You could make it even more valid by altering the distance.
So maybe it might match those kind of short, sharp sprints over 5, 10 metres that are more linked to a game of netball.
So we have our three students here, and which one of them is describing a limitation of the sit and reach test? Laura's saying, "It only tests the lower back and the hamstrings." Jun's saying, "It can be completed three times to reach an average score." And Sam says, "If I do a warmup, I am likely to reach further." Which do you think are describing limitation? I agree.
Both Laura and Sam.
Laura is really looking at that validity.
Sam, however, is looking at that reliability.
So for your final test, final practise, sorry, not test, here's our question.
We know it's part of an extended question, and we're gonna ask you to use that know, apply, say why approach and write a paragraph for that sit and reach test for a netball player.
Pause the recording, and come back to me when you're ready.
Welcome back.
How did you do? You might wanna pause the recording at these different points to just look at how the example compares to yours.
But that know is very much the knowledge of sit and reach test, the fact that it measures flexibility, and talking through some of that protocol you will have learned previously.
That apply will be linking to when netball players do need that flexibility.
You can be really specific to maybe the shoulder when they might be reaching for an interception, or the hip when they're doing those dodging, those quick, repetitive sprints.
And then finally, that evaluate, that say why, is when we're gonna bring in some of our key learning in terms of benefits and limitations.
It could be that you did say about it being relevant and why that is relevant, and that it can inform those training requirements and maybe act as a way of injury prevention.
But we need that really, really crucial word of however, and where, you know, it could be a limitation if it's not looking at other areas of flexibility.
And also looking at that element of reliability, and would the results be different if you did it at different points? And a nice little way of bringing that together is mentioning other fitness components that a netball player needs.
And therefore, you know, are there other tests that are relevant and required? Now, what Laura is saying here is if this was an extended question, you would repeat this approach, but for two other tests.
And it could be now that you consider what those two other tests are, link them to a netballer, and then repeat that skill of know, apply, say why.

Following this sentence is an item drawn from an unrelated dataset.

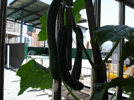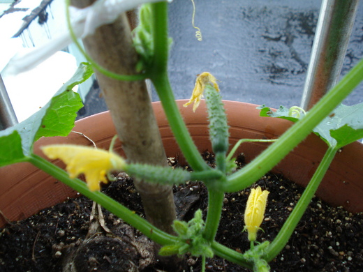 但是隨著日子一天天過去,小黃瓜苗努力長高,花也不停地綻放,總算有授粉成功的小瓜出現了,而且一次還長了三條小瓜,早晨和傍晚的澆水作業成了每天的例行功課,努力果然有所收穫,你看!頂樓的小黃瓜要收成了,今晚加菜喔!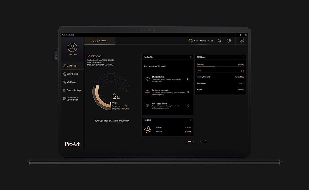ProArt Creator Hub serves as your personal portal for monitoring your device’s status, customizing settings, and enhancing your workflow for limitless creativity. It has an overview Dashboard that enables you to fine-tune Fan Profiles for optimal cooling performance, provides easy access to color calibration tools through Color Control, and enhances your workflow efficiency and performance management with WorkSmart and Performance Optimization. Furthermore, the new Color Management feature delivers precise color data, empowering you to create and store your unique color palettes while staying up-to-date with the latest color trends for endless inspiration. In collaboration with Pantone®, we’ve incorporated digital color data to unleash your untamed creativity.

So in summary, we know fitness tests are used to measure fitness levels.
Different tests definitely have different purpose and value to different individuals, and that, in some cases, can be quite complex.
But hopefully we looked at a couple of examples today of a variety of tests and used those sports of football, rugby, and netball to help us do that.
Those benefits, there are many.
Strengths and weaknesses, that starting level to monitor improvement, inform a training programme, make those comparisons, help with motivation and goal setting, and, in some cases, provide variety.
However, it is important to consider those potential limitations, that keyword of validity helps us to do that, and if that test is specific to the sport and that competitive environment.
Also, does it replicate those movements? And likewise, looking at that test procedure and if it gives you that consistent and repeated results, which we now know is largely linked with reliability, and will it then give you that accuracy in terms of that baseline fitness level? I've really enjoyed taking you through those benefits and limitations of fitness testing, and I look forward to speaking to you on the next lesson.